Turner was baptized on 20 July 1685, the eldest son of Charles Turner of Kirkleatham and his wife Margaret Cholmley, daughter of Sir William Cholmley, 2nd Baronet, of Whitby, Yorkshire. He matriculated at New College, Oxford in 1701. He was a wealthy country gentleman, and owned properties in Northallerton and along Tees side. He also had lead mining interests in the North Riding of Yorkshire. His great uncle Sir William Turner died in 1693 and bequeathed him a substantial amount of money to establish a Free School, which was built in 1709.

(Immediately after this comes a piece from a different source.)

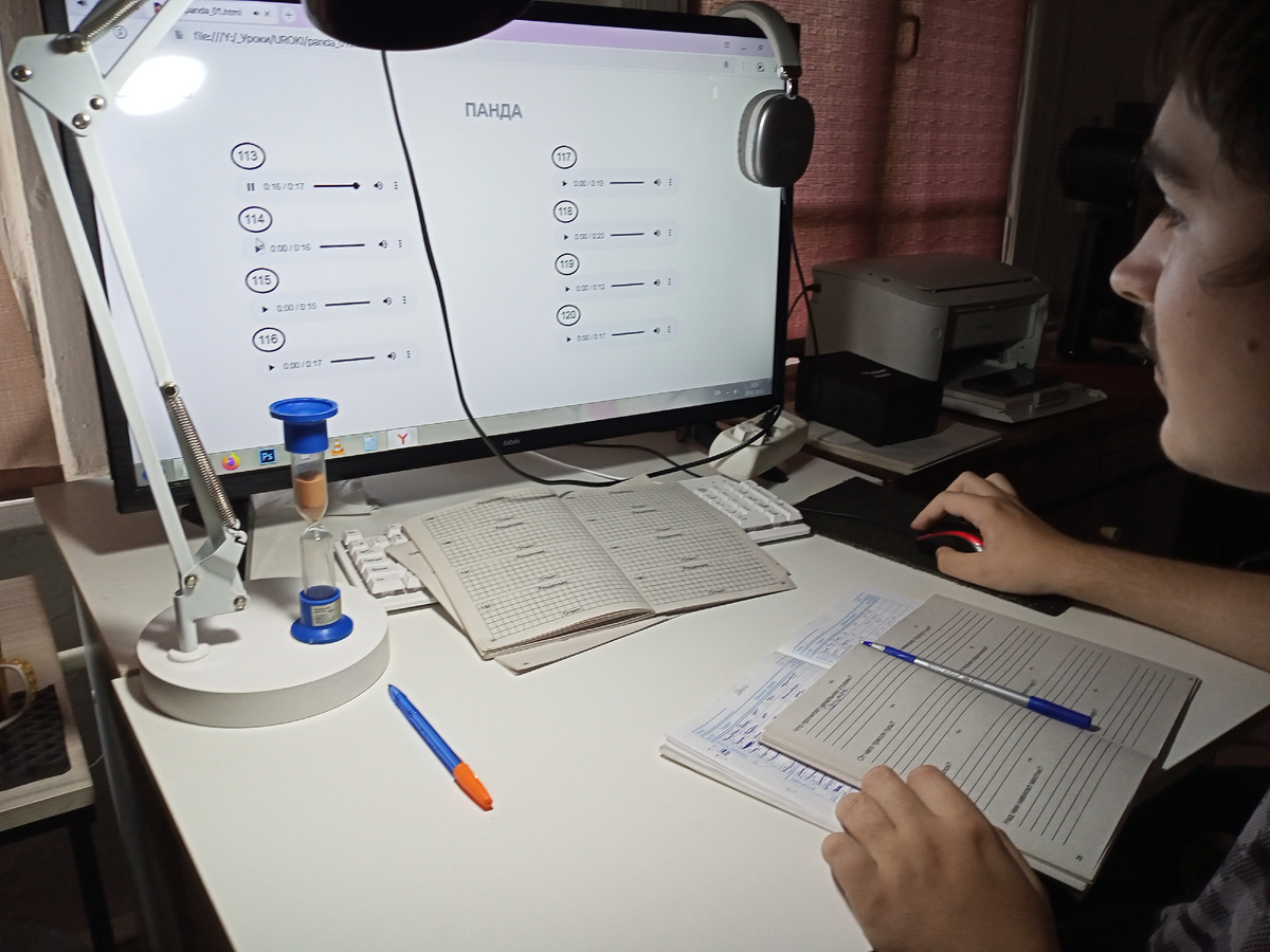 Прослушав и выполнив в тетради задание, он нажимает на кнопку "назад":

He married Jane Marwood, daughter of George Marwood of Little Busby, Yorkshire in 1709. His daughter, Jane, married Philip William Casimir Van Straubenzee.

==Career==
Turner was returned as a Whig Member of Parliament for Northallerton at the 1715 general election. He followed Robert Walpole into opposition in 1717, and voted against the Government in all recorded divisions. He did not stand at the 1722 general election. In 1725, he was High steward of York.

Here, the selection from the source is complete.